Ferric carbide nanocrystals encapsulated in nitrogen-doped carbon nanotubes as an outstanding environmental catalyst

Abstract

Nitrogen-doped carbon nanotubes encapsulating iron carbide (Fe3C) nanocrystals (Fe3C@NCNT) were fabricated by a simple and direct pyrolysis method using melamine and ferric chloride as the C, N and Fe precursors. The surface morphology, structure and composition of the Fe3C@NCNT materials were thoroughly investigated. The nanomaterials were employed as novel catalysts for peroxymonosulfate (PMS) activation; outstanding efficiency, high stability and excellent reusability were observed in the catalytic oxidation of organics.

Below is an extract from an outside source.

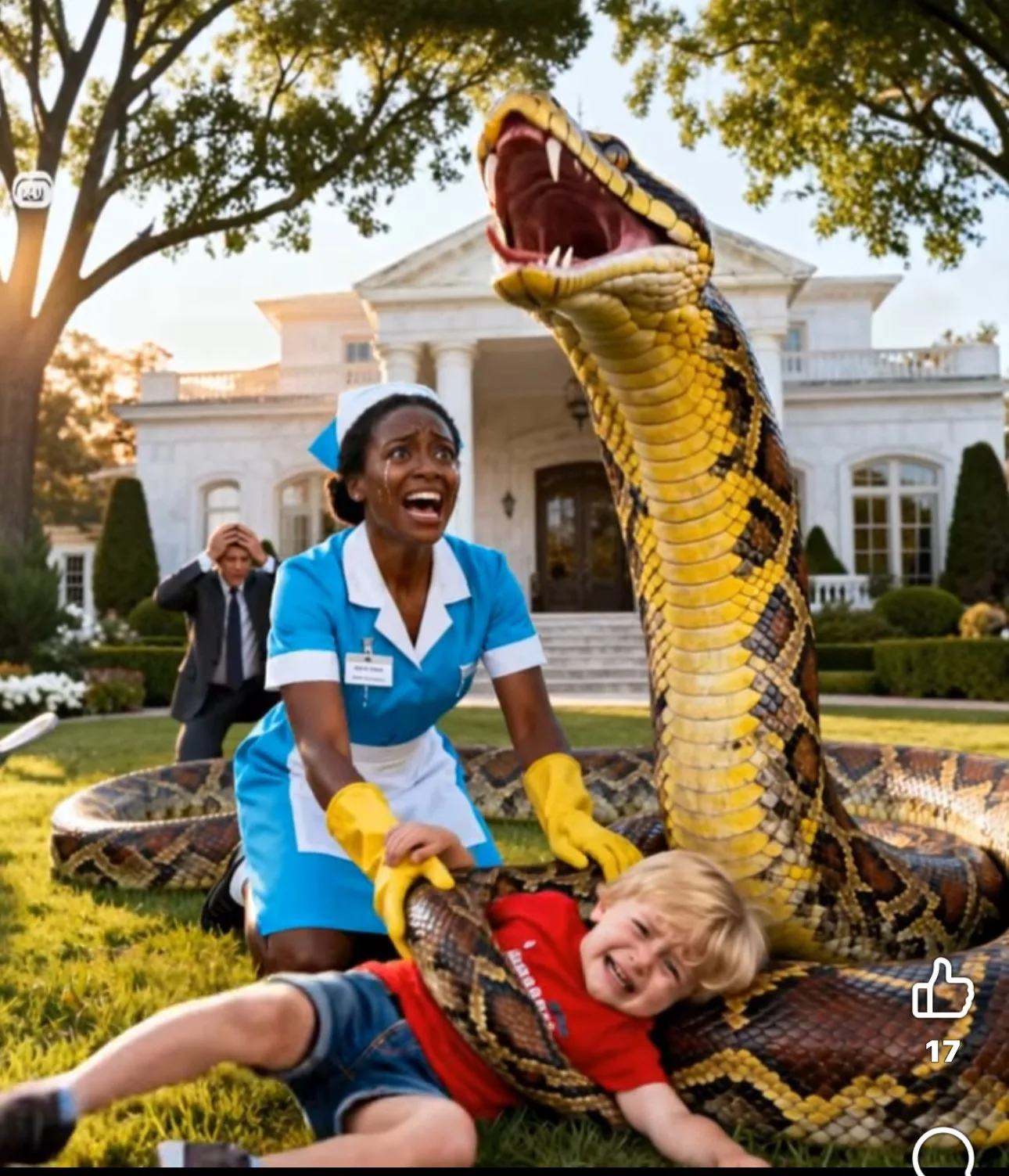 A empregada caiu de joelhos na grama, avançou sem pensar duas vezes e agarrou a cobra com as mãos nuas, colocando-se entre o animal e o menino, mesmo sabendo que poderia ser a próxima vítima.

The encapsulated Fe3C nanoparticles played a key role in the emerging synergetic effects of the carbide and the protective graphitic layers. In addition, the quaternary N and trace amounts of iron on the CNT surface acted as the active sites. Various quenching experiments were carried out to elucidate the catalytic mechanism of Fe3C@NCNT. It was found that singlet oxygen, superoxide, sulfate and hydroxyl radicals worked together to degrade phenol solutions. Due to their simple synthesis method, low-cost precursors, unique structure and excellent catalytic activity and stability, these novel iron-carbide-based composites have great potential as new strategic materials for environmental catalysis.